Thursday, March 22, 2012

Yesterday was Bach's birthday


Thee I was browsing through the murder mysteries and trash novels for the gym at my local library yesterday, when an older lady in running gear, lean and not mean-approached. "It's Bach's birthday! Why didn't you play more Bach on the radio today?"

I don't know-I suspect there was plenty of Bach sent out across the Central Ohio airwaves, and worldwide on the web-but for many people one can't have too much Bach. Since recordings became widely available beginning 100 years ago-you can hear any of Bach's works sliced, diced, played by saxophones and synthesizers, or by historically informed performers attempting to recreate Bach's music as Bach they say intended,. It's all good.
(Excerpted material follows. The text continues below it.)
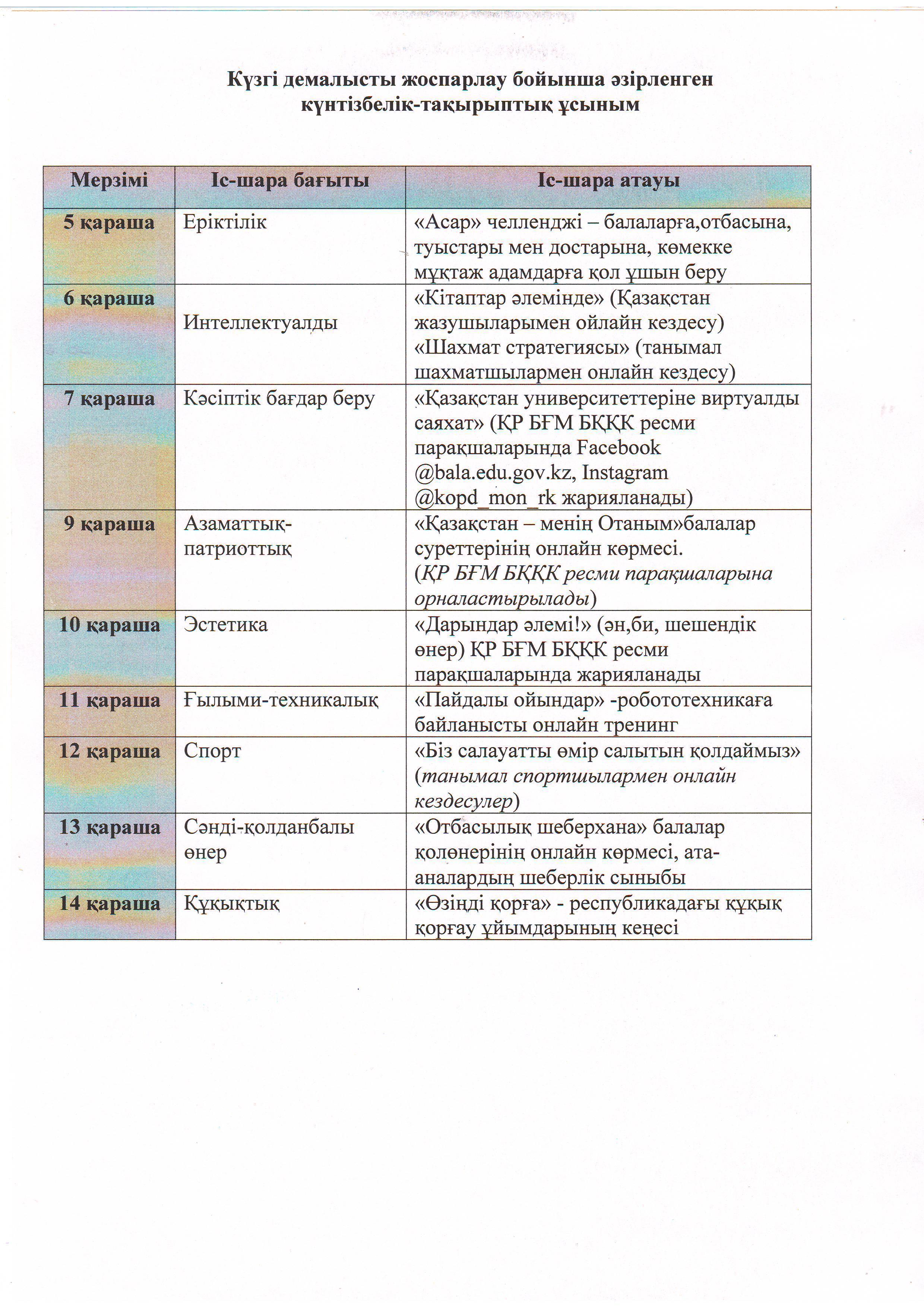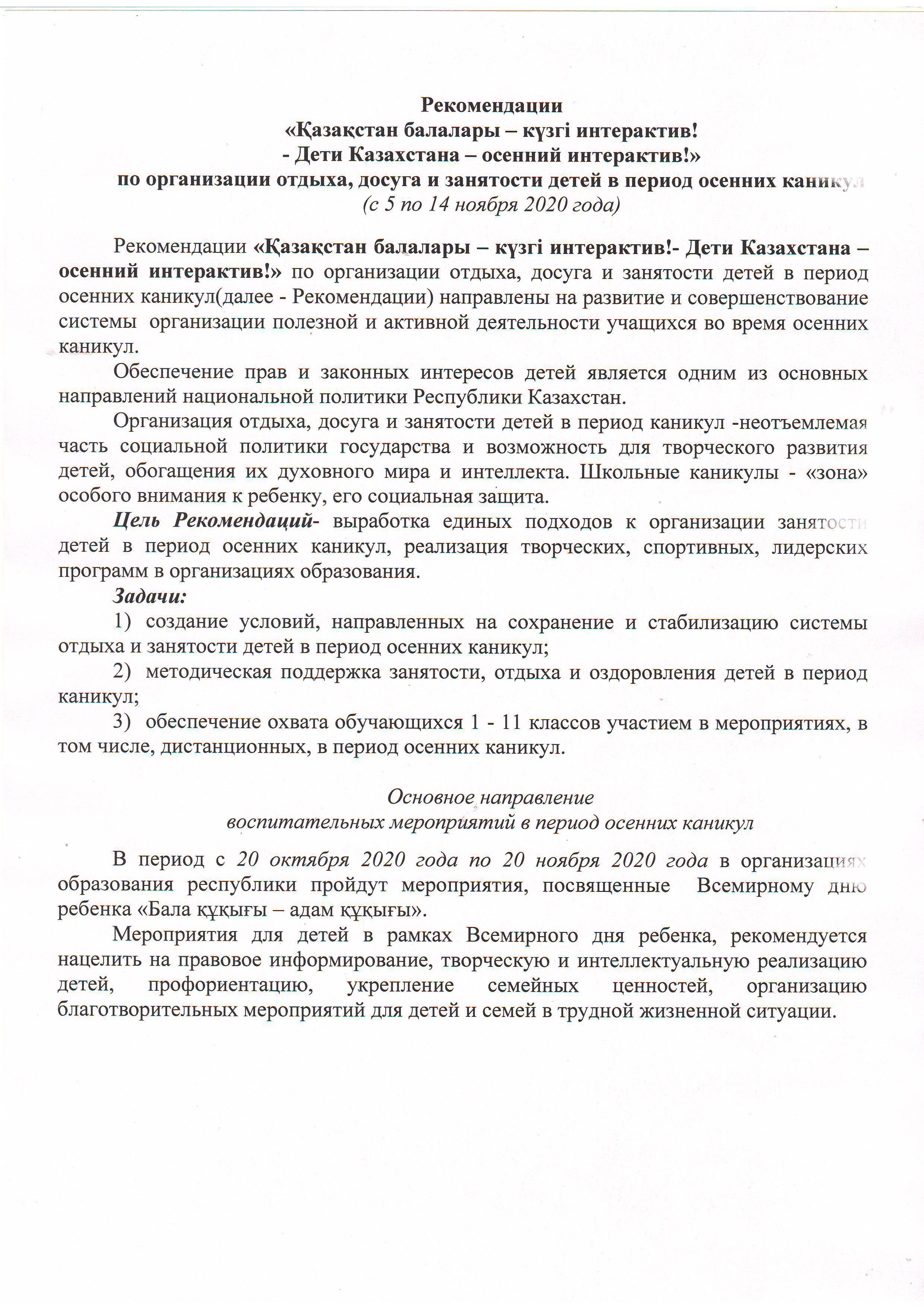 План работы по организации отдыха, досуга и занятости детей в период осенних каникул «Қазақстан балалары – күзгі интерактив! - Дети Казахстана–осенний интерактив!»

I reiterate: Lucky the music loving kid growing up in Boston. You could take the streetcar to Back Bay of a Sunday morning and hear Craig Smith and his peerless choir at Emmanuel Church perform the Bach cantata appropriate fort that day. This Bach cycle went on for years. RIP: Craig Smith.
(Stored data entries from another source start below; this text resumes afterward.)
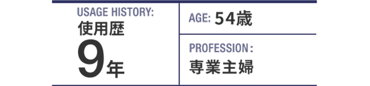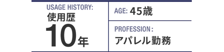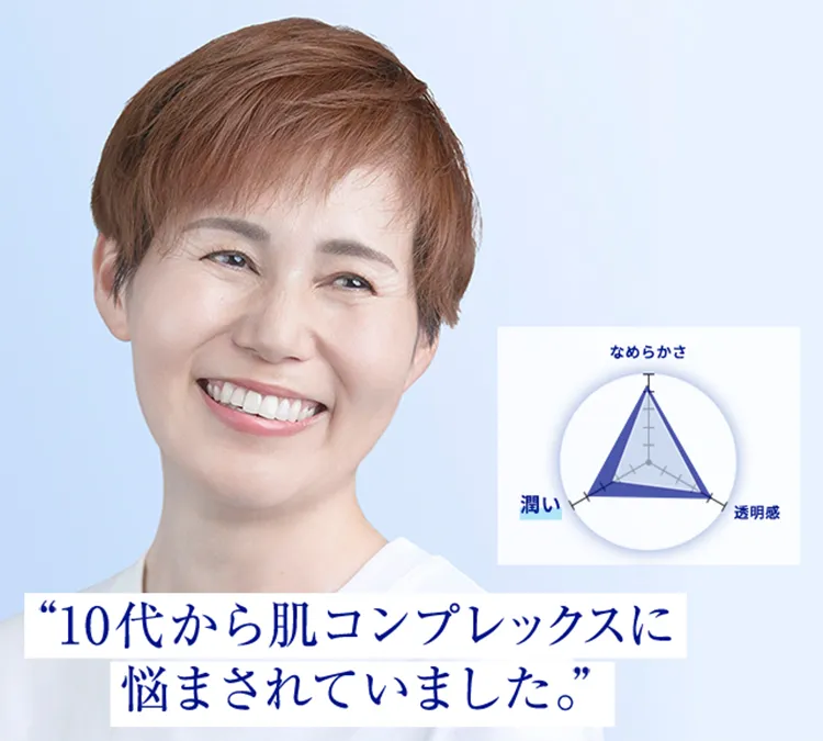 お酒を飲んで、化粧を落とさず寝てしまう日もある中で、お店にお越しになるお客様に肌が綺麗だと声をかけていただくことが多いです。使い続けて9年ほど。エステやサプリなどを使っているか疑われるくらい、理想の肌を保てています。
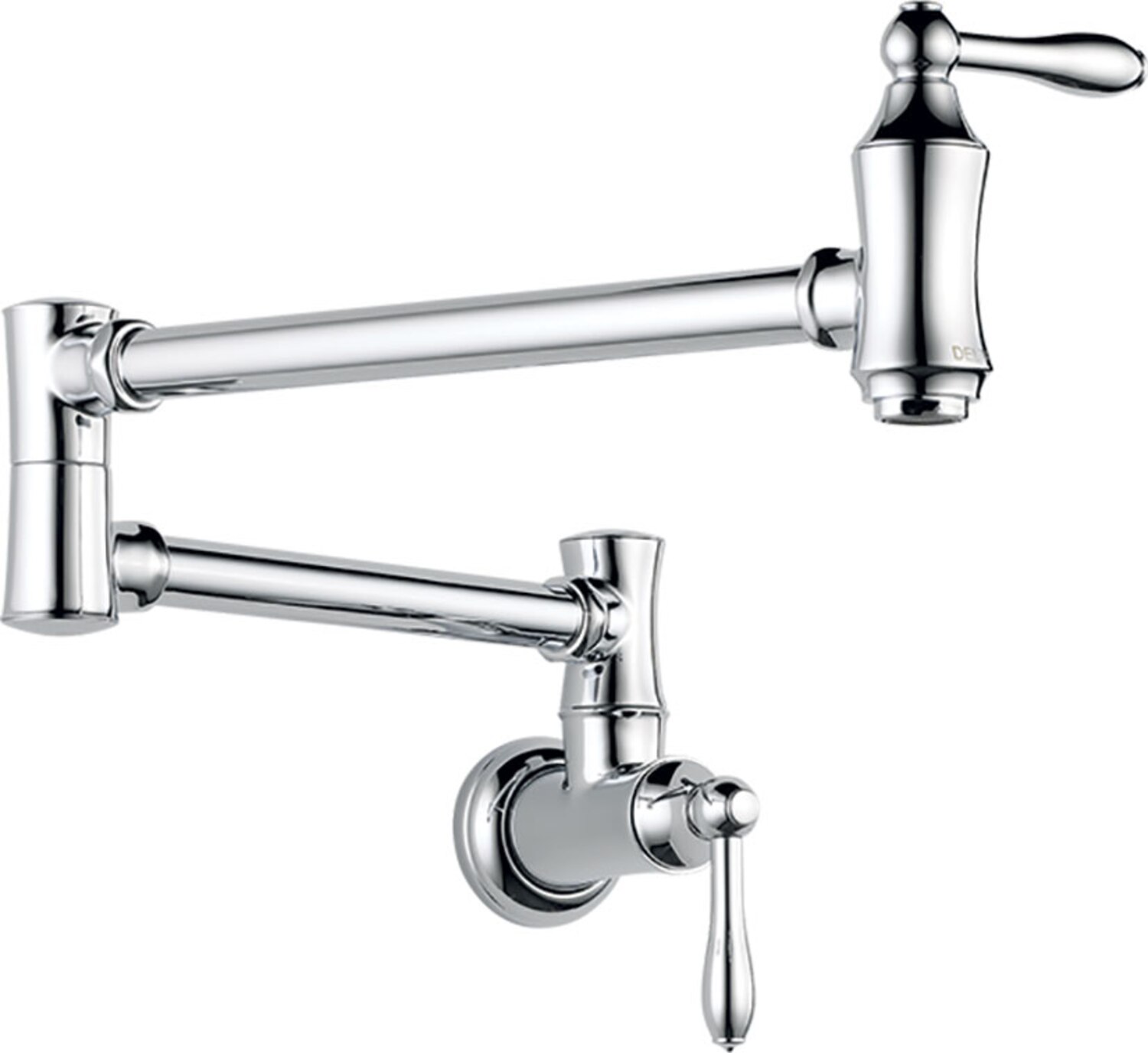 Brass traditional wall-mount pot filler in Chrome, $513, Delta Faucet.
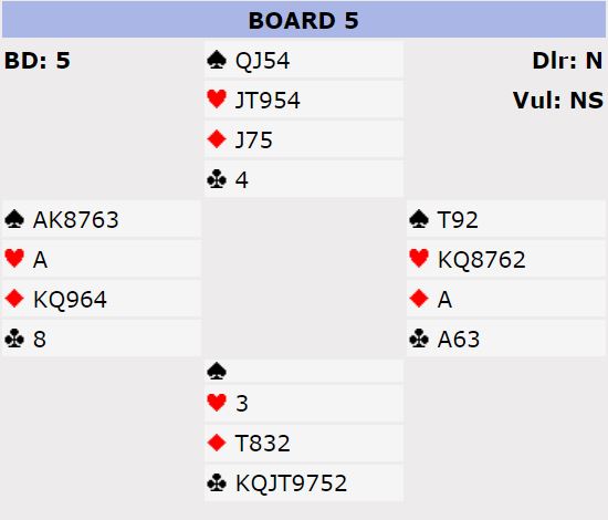 Jo, ved det bordet hadde syd åpnet med 2 hjerter som viste femkorts hjerter og minst firekorts minorfarge. Det er ni kort, og da spillefører tok noen sparrunder ble det oppdaget at syd hadde trekorts spar og nord to. Det betyr at at tolv kort kort er plassert hos syd. Og det er vel langt i fra usannsynlig at han har 5-5 i stedet for 5-4 i rødfargene, og følgelig 3-5-5-0?

One must revere Bach. Who was more astonishing as he practically re invented the canon of Western music after my beloved Monteverdi? Revere but not always love. For me, the lack of blood and guts, poison, murder and freewheeling nookie is sometimes a problem. I like raunch in music. That said, I've heard Bach's violin partitas described as 'pure music'. I can only agree:



My own introduction to Bach was the 4th cantata, appropriate for this time of year, Christ lag in Todesbanden



A good high school choir. No xylophones here. I think Bach attracts wide re instrumentation because as a composer he offers everything-including spirituality and challenges hard to resist.

I love the fact of 2 wives and all those children-and the fact that JS himself spent a weekend in the hoosegow fro drunken brawling-then went home to write the St. Matthew Passion. What's not to love?